MULT_ALIGN comparison

Scores the similarity of two sequences of terms. This comparison combines your knowledge of how similar the terms are, the order of the similar terms, and the proximity of the similar terms. You can use MULT_ALIGN to compare addresses where the sequences of terms are in different orders.

Three independent scores factor into the final score:
  • Similarity of the terms
  • Order of similar terms in their original sequence
  • Proximity of similar terms in their original sequence

Required Columns

The following data source and reference source columns are required:
  • Data. The character string from the data source.
  • Reference. The character string from the reference source (only applies to a two-source match).

Parameters

The following three parameters control the relative importance that each of the three independent scores has to the final score. Assign the highest number to the score that is the most important to you. For example, if you enter a value of 200 for MatchMix, 100 for OrderMix, and 100 for CompactMix, that means that the similarity score is twice as important as the order score and proximity score. It also means that the order score and proximity score are equally important.
MatchMix
Enter a positive integer that represents the relative importance of the similarity score for all of the matched terms.
OrderMix
Enter a positive integer that represents the relative importance of the order score for matched terms that score at or above the value that you enter for the FactorCutoff parameter.
CompactMix
Enter a positive integer that represents the relative importance of the proximity score for matched terms that score at or above the value that you enter for the FactorCutoff parameter.
The following parameters control the similarity score:
MatchParm
Enter a positive integer from 0-900 which represents the weight that is used by the UNCERT match comparison to determine its tolerance of errors. This parameter is an indication of the tolerance of the comparison. Higher numbers mean that the comparison is less tolerant of differences in the strings. MatchParm is similar to the Param 1 parameter for the UNCERT comparison. Use these values as a rough guideline:
  • 900. The two strings must be identical.
  • 850. The two strings can be safely considered to be the same.
  • 800. The two strings are probably the same.
  • 750. The two strings are probably different.
  • 700. The two strings are almost certainly different.

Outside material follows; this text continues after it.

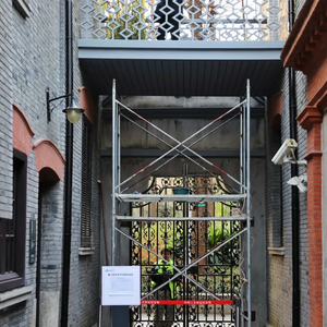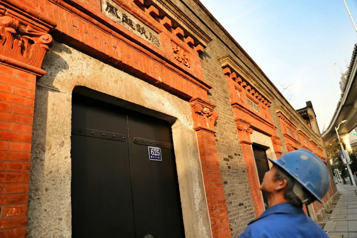 据介绍,在确保文物建筑安全的基础上,修缮工作严格遵循“修旧如故”的原则,一期工程主要包括外立面清水墙风化严重部位、大门门头线脚风化及严重损坏部位补缺,局部墙面修补以及木门重新刷漆等饰面修补工作。项目施工在选材、工艺方面秉持匠心,按照传统的材料及工艺对建筑进行维护保养,完全保留了建筑的历史面貌,延续了建筑的耐久性和使用性。
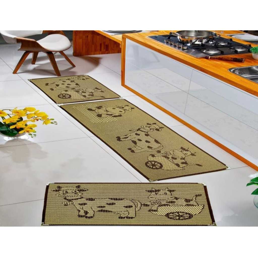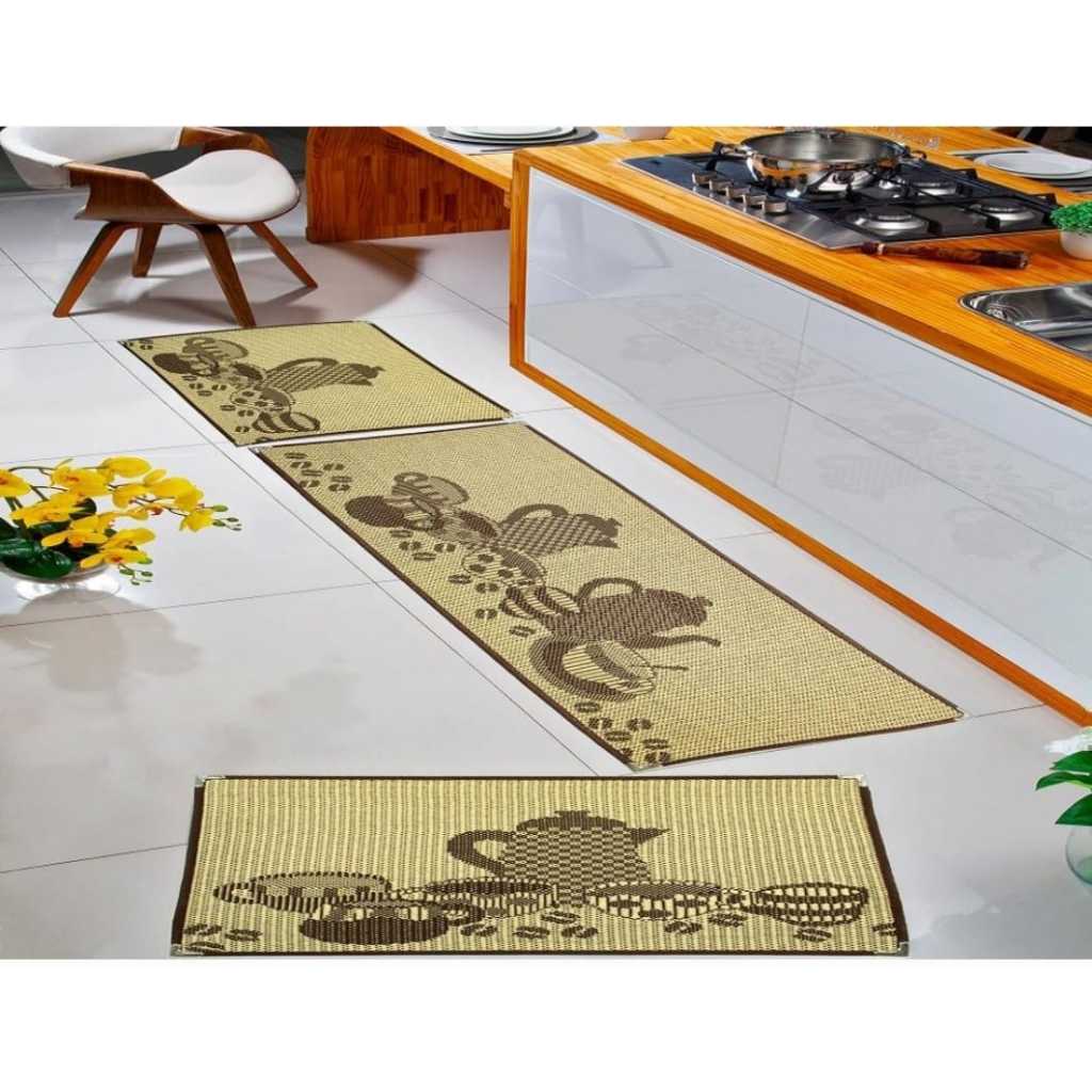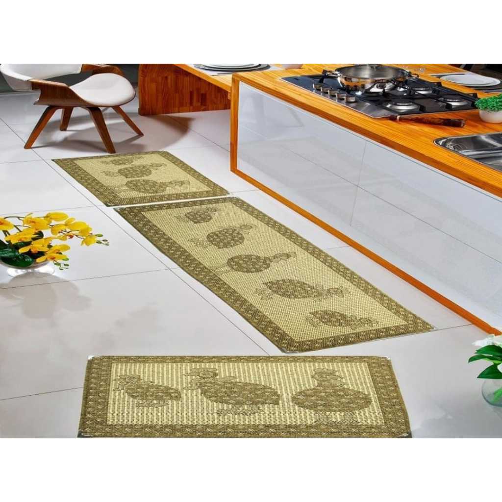 Jogo Tapete Cozinha Kit 3 Peças Base Antiderrapante Sisal

The assigned weight is proportioned linearly between the agreement and disagreement weights. For example, if you specify 700 and the score is 700 or less, then the full disagreement weight is assigned. If the strings agree exactly, the full agreement weight is assigned.

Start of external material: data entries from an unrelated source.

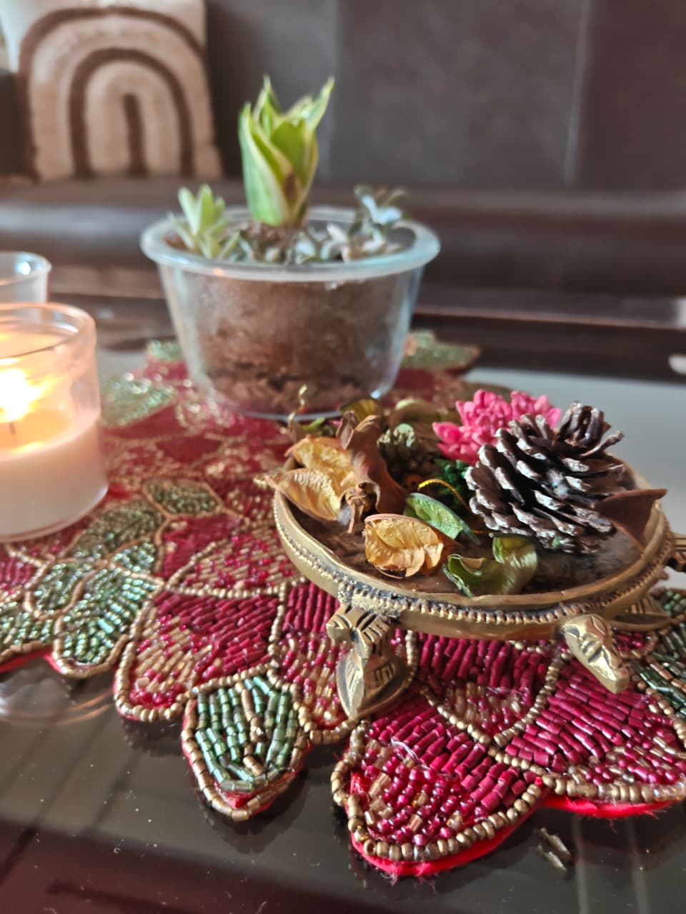 Lotus Pichwai Set of 2 Decorative Tray Big Tray 10 x10 inches & small Tray : 8 x8 inches Metal Pooja | Decor trays
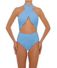 - Detail Feature: Halter criss cross one piece, Adjustable halter ties, Low back
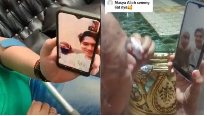 Nenek fans berat Leslar terlihat sedang video call dan terlihat menangis.
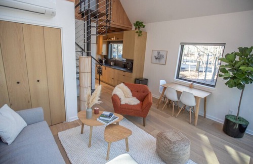 Hidden in the woods just feet from a seasonal creek, Shadow Bend is the perfect getaway for the discerning traveler. Though it is nestled carefully in nature, this modern cabin lacks no comforts or convenience. It has one queen bed upstairs, one full bed downstairs and one bathroom. Complete with a micro chef’s kitchen with luxury appliances, top-notch mid-century furnishings and fine Scandinavian-inspired finishes throughout, this 650 sq. ft. cabin offers a one-of-a-kind experience.

As another example, suppose you specify 850 for the MatchParm, which means that the tolerance is relatively low. A score of 800 would get the full disagreement weight because it is lower than the parameter that you specified. Even though a score of 800 means that the strings are probably the same, you require a low tolerance.

MultType
Select one of the following values that determines how you want the match to normalize the score for two sequences of terms when the sequences do not contain the same number of terms:
  • 0 – Maximum number of words in the two sequences
  • 1 – Minimum number of words in the two sequences
  • 2 – Number of words in the first sequence
  • 3 – Number of words in the second sequence
  • 6 – Minimum number of words plus x, where x is the result of the ExtraTerms computation.
ExtraTerm
When the MultType value is 6, enter a positive integer for the percent of the difference between the greater and lesser of the two word counts to add to the minimum word count. An ExtraTerm value of 0 is equivalent to a MultType value of 1. An ExtraTerm value of 100 is equivalent to a MultType value of 0.
MatchRange
Enter a positive integer for the percent of the number of terms in the longer of the two sequences (percentage of the maximum word count). The resulting number of terms establishes a comparison radius that determines how different the position of two terms in their respective sequences can be and still be compared. For example, if the longer sequence contains 20 terms and you enter 50 for the MatchRange parameter, the match compares only the terms that are within 10 positions of each other.
OutOfRangeScore
Enter a positive integer for the percent of the default or rare value disagreement weight that is used to calculate a missing term weight. All terms in the shorter sequence must be scored against something. If all of the terms in the longer sequence that are within the range that is determined by the MatchRange parameter are paired with other terms, the value of the OutOfRangeScore parameter is used as the score for the unpaired terms.
This parameter controls which pairs of matched terms are used in the calculations of the order and proximity scores:
FactorCutoff
Enter a positive integer for the percent of the default or rare value agreement weight that is used to set a cutoff point for matched terms that are scored for order and proximity. Setting a cutoff score eliminates marginally positive and negative scores because those terms are really not matching. For example, for a FactorCutoff of 33, the lowest-scoring third of the term pairs will not be scored for order and proximity.
The following parameter controls the order score:
OrderParm
The value of this parameter determines the order score tolerance for errors. Enter a positive integer for the percent of the difference between the default agreement and disagreement weights that is used to penalize each out-of-order matched term. A lower number translates to more tolerance and a higher number translates to less tolerance.
The following parameters control the proximity score:
GapOpen
Enter a positive integer for the percent of the default or rare value agreement weight that is used to determine the proximity score penalty for the occurrence of each gap between matched terms.
GapExtend
Enter a positive integer for the percent of the default or rare value agreement weight that is used to determine the proximity score penalty for each additional space in a gap.

Example

The following examples illustrate how term order and term proximity are scored.

In the first example, the order score is higher for the first pair because all matched terms are in the same order.

Apartment 4-B Building 5
Apartment 4-B Building 5
Building 5 Apartment 4-B
Apartment 4-B Building 5

In the next example, the proximity score is higher for the first pair of terms because the second pair has a term that interrupts the sequence of matched terms.

Building 5 Apartment 4-B
Apartment 4-B Building 5
Building 5 Apartment 4-B
Apartment 4-B Upstairs Building 5